Glanceability is the killer app
Aggregating all of the information about millions of consumer packaged goods their allergies and nutritional data, price and availability is essential to drive this experience. My friend David Goodtree at FoodMap is working on this big data-fusion problem. But for our prototype, we focused on the shopper experience–how to synthesize and express data in a glanceable and actionable way.
There are a million websites, blogs, youtube channels, and dense food labels which provide a lot of information to families. When you’re standing in the aisle at the market, blocking the way for other shoppers, with an impatient toddler, you need advice fast or not at all. Even reading food labels can be impractical while shopping. Our goal is to summarize trustworthy information to help shoppers make informed decisions quickly.
The need for personalization
My mom is gluten-free; my daughter is vegan; my wife is Pesca; I’m looking for low carb, low salt, high protein foods; and friends we entertain are kosher. Other families have even more fine-grained filters.

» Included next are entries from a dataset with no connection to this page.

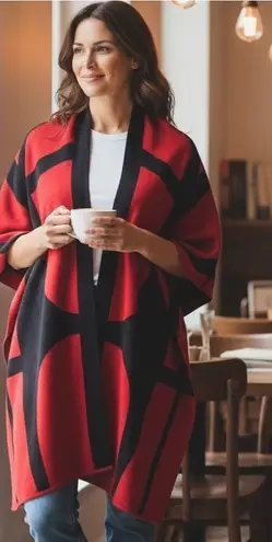 Elevate your wardrobe with this stunning Chico's cape shawl poncho! Featuring a bold red and black... Show more
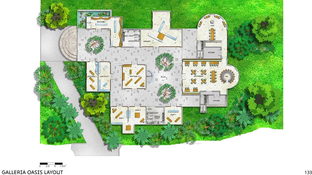The name Oasis reflects the aspiration to create a true sanctuary: a welcoming refuge for international and domestic travelers, a valued communal space for the surrounding community, and a protected habitat for local flora and fauna. The resort is envisioned as a living ecosystem where nature, people, and hospitality coexist in harmony.
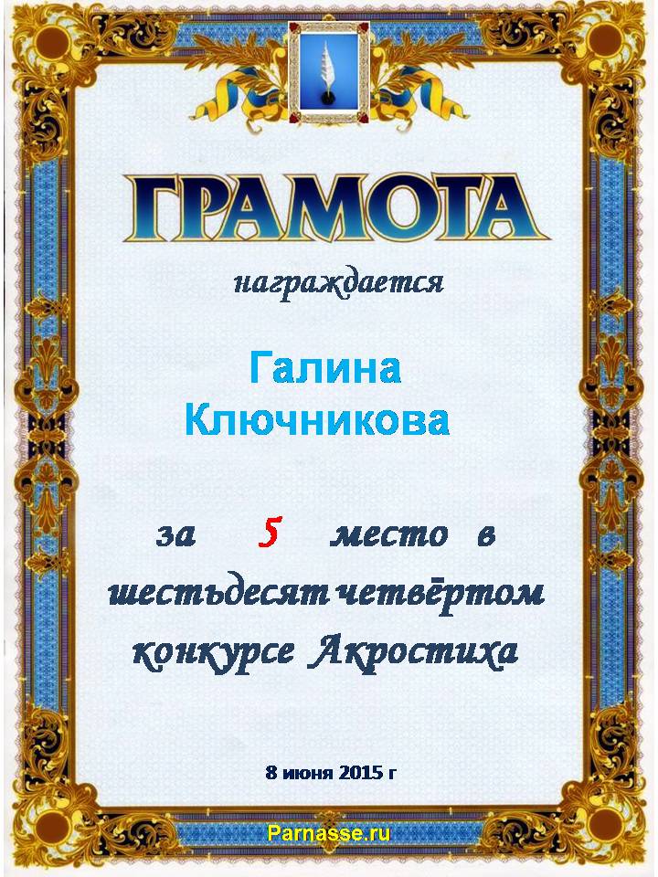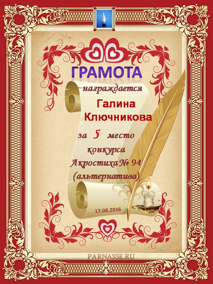 Грамота за 5 место в 94 конкурсе Акростиха (Альтернатива). ПОЗДРАВЛЯЮ!
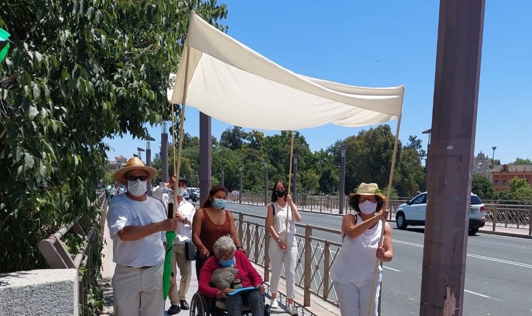 Un grupo de personas ha acompañado bajo su sombra a un palio poco habitual en las calles de Sevilla. No se trataba del palio de Las Cigarreras, sino de un toldo que emulaba la forma de un palio, y esto con el objetivo de pedir sombra para los puentes sevillanos. Esta curiosa iniciativa pretende llamar la atención del Ayuntamiento por la tardanza en colocar los toldos en los puentes de la ciudad, algo que se aprobó por unanimidad en 2017.
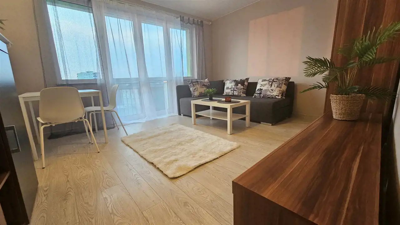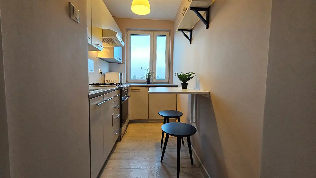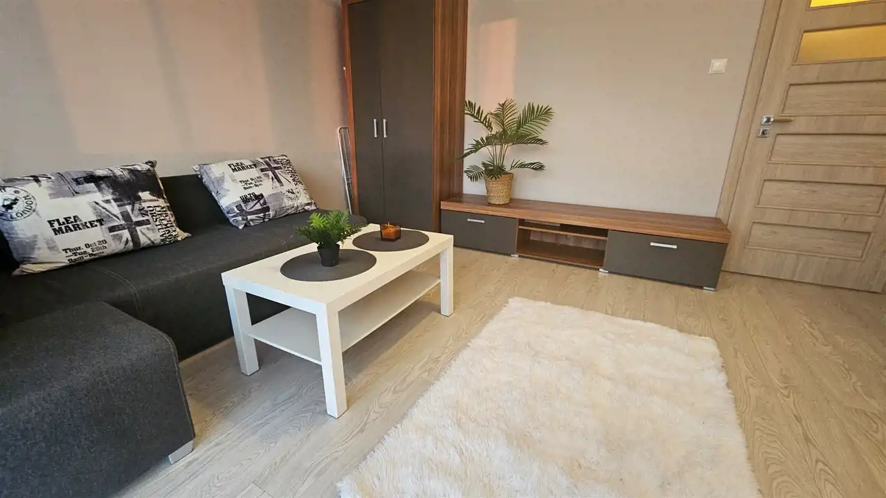W lokalu może pozostać pełne wyposażenie (2 kanapy z funkcją spania, komoda, stół, szafa, meble kuchenne, lodówka, płyta gazowa, piekarnik, pralka, stolik kawowy).
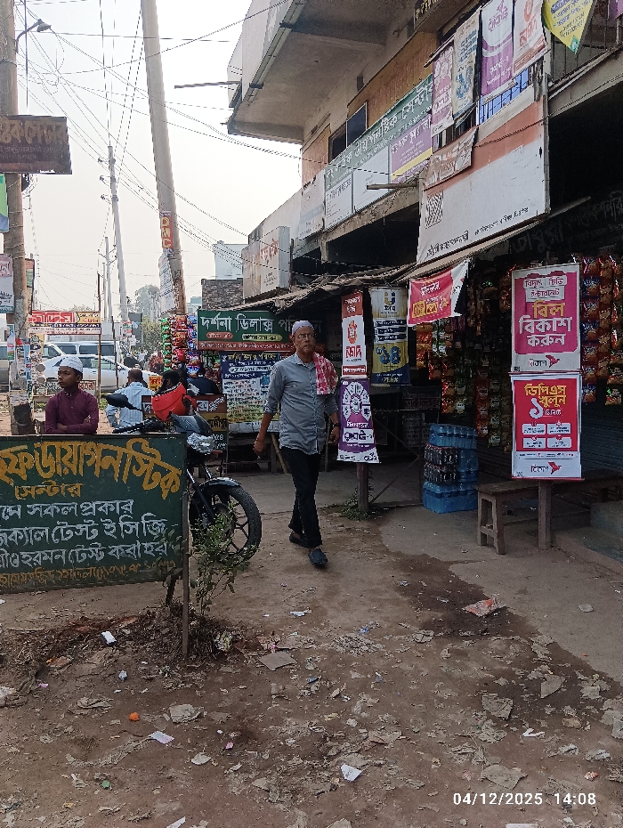 This image depicts a bustling street scene in Kaliganj, Bangladesh, recorded at 14:08 on December 4, 2025. The immediate foreground shows uneven, compacted dirt ground extensively littered with paper fragments, plastic, and small debris. On the left, a vertical green sign with white Bengali text, likely indicating "F. Diagnostics" and listing medical tests, stands next to a small green plant rooted in the dirt. A male subject, appearing middle-aged to elderly, walks forward in the center of the frame. He wears a light grey short-sleeved collared shirt, dark trousers, dark shoes, and a white skullcap, with a red and white checkered cloth draped over his left shoulder. To his left, another male subject, appearing younger, is seated on a low wooden bench, dressed in a maroon long-sleeved shirt and a white skullcap. A dark-colored motorcycle is partially visible behind the seated individual. The midground features a commercial establishment on the right, displaying numerous bags of snacks hanging from an awning. Multiple colorful banners and posters, primarily in Bengali, are affixed to the building and utility poles, advertising services such as "Bikash" and various products. A stack of blue plastic water bottles is visible near the store's entrance, adjacent to a small, dark wooden stool. The street extends into the background, lined with numerous utility poles supporting a dense network of overhead electrical and communication wires. Further down the street, additional indistinct figures, a white van, and other vehicles are present. The background also includes a multi-story concrete building with an overhanging roof structure. The sky overhead appears bright and hazy.
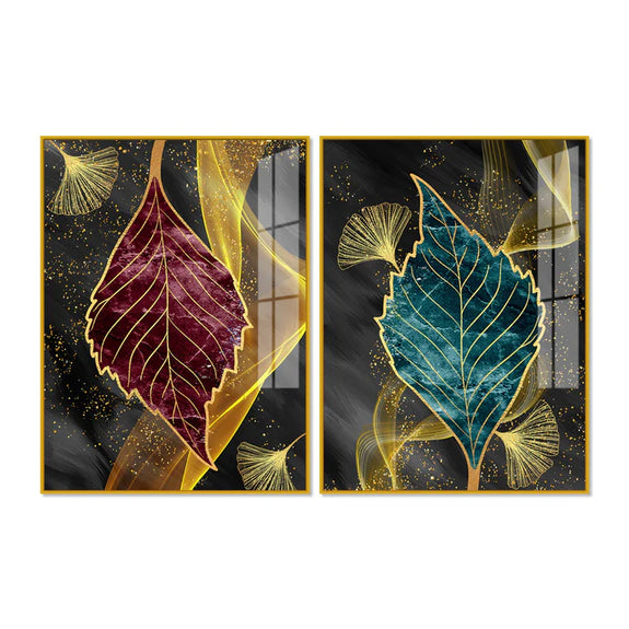 Green and Red Leaf Shape Acrylic Floating Wall Painting Set of 2
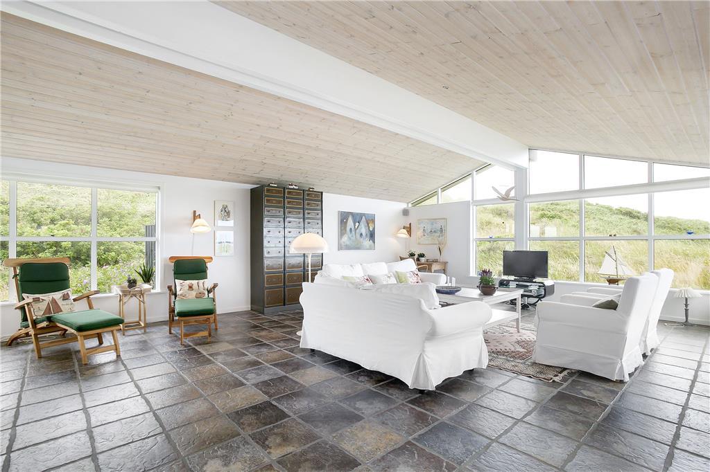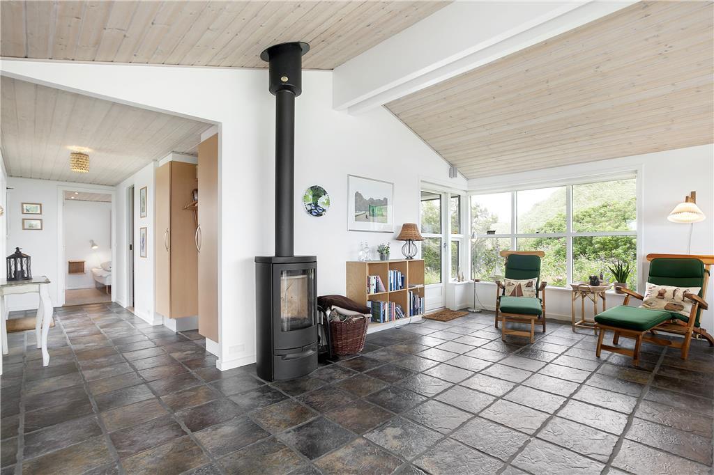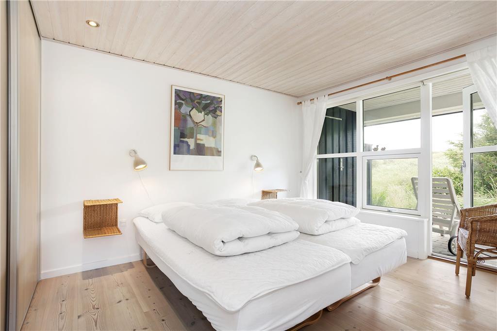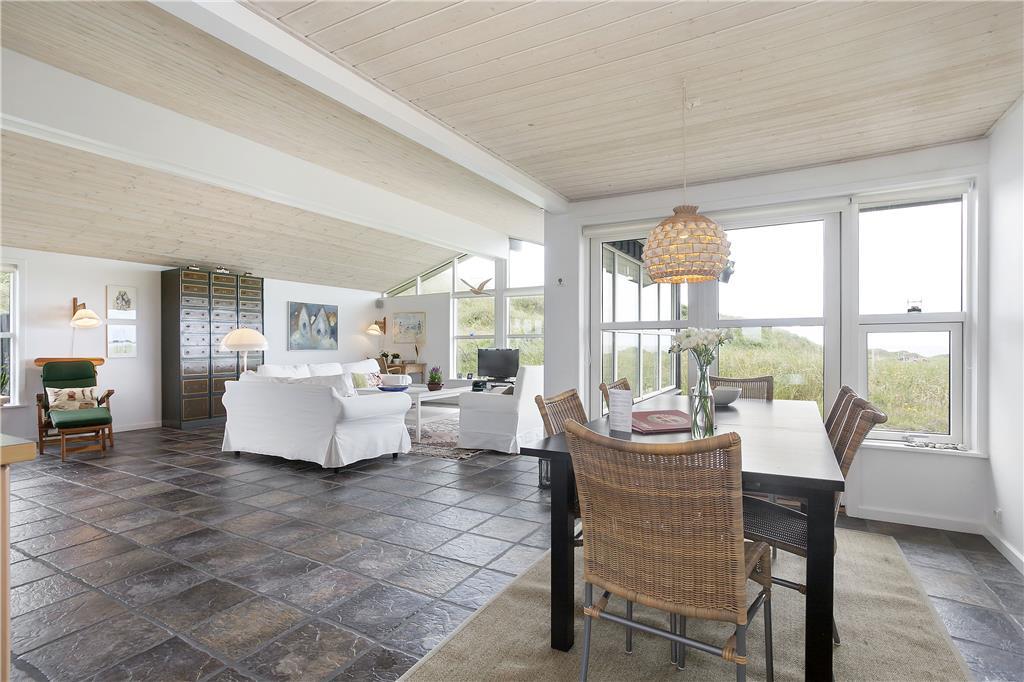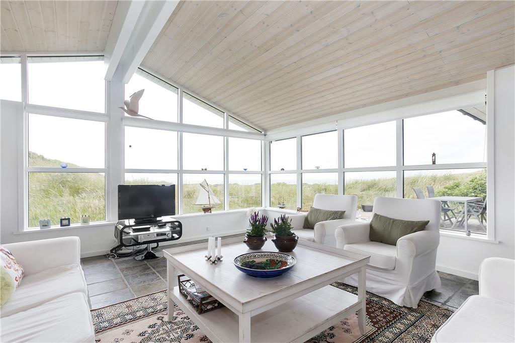 Dette fine sommerhus har alt, hvad en vellykket ferie ved Vesterhavet skal indeholde: et gennemrenoveret og velfungerende hus med en formidabel havudsigt, gode terrasser og kun en lille gåtur til strandkanten. Huset er smagfuldt indrettet og godt udstyret; bl.a. med sauna, vaskemaskine og tørretumbler på det ene badeværelse og naturligvis med gratis og trådløst internet, så man hurtigt kan tjekke vejrudsigten og søge informationer om områdets mange muligheder. Det fantastisk flotte opholdsrum bliver det helt naturlige samlingssted for hele familien; her kan man sidde i de behagelige møbler og nyde udsigten over klitlandskabet og Vesterhavet, og med ild i brændeovnen spreder hyggen sig hurtigt. Sommerhusets tre soveværelser er placeret, så man på meget praktisk vis kan dele sig op i en voksen og en børneafdeling; alternativt vil to par, som ønsker at holde ferie sammen, også hurtigt finde sig til rette her.

This web of requirements is complicated for humans to track when shopping, but easy for algorithms.
Tradeoffs and multi-channel experiences.
Not a huge surprise: it’s expensive to buy local. Better reveals the most sustainable option, but this is typically the more expensive–unless you buy in bulk.
Might people be interested in bulk purchases or a subscription, given enough information to feel confident with such a choice? Who wants to haul dog food or a big bag of flour, rice, or other heavy packages, especially if the bulk value equation is more attractive.
A more sophisticated form of computer vision uses scene understanding to perform the inverse of augmented reality, it can recognize and discretely remove objects. In cluttered environments like a store, this diminished reality technique may be more valuable than augmented reality.
For example, we might remove all the items from your field of view that don’t fit your BetterChoice profile so that anything remaining on the shelf represents a decent match.
After we built our prototype, we went to Whole Foods and got people’s feedback.
Here’s what we learned.
- People are overwhelmed while shopping and want guidance.
- Allergens were the most urgent issue
- People think that they would use such a tool and that they would choose to have certain things delivered If they were confident that it was financially smart to buy in bulk
- It was important for people to know that product information was coming from a trusted source, not a paid promotion
- the idea of getting a free sample to persuade you to try something new was interesting.
Our next step is to expand the product categories, improve the BetterChoice algorithm, then deploy a broader test across more stores and geographies.
Which product brands would benefit most from shopper guidance in AR?
Products that have the best data, the best nutrition, customer ratings, and financial value. ones that align with people’s interests where it’s hard to see that alignment today, and new brands. because we’re promoting products based on their inherent attributes rather than brand recognition, the big brands may have the most to lose.
I wonder if such a tool would differentiate the shopping experience enough for people to choose one grocery store over another?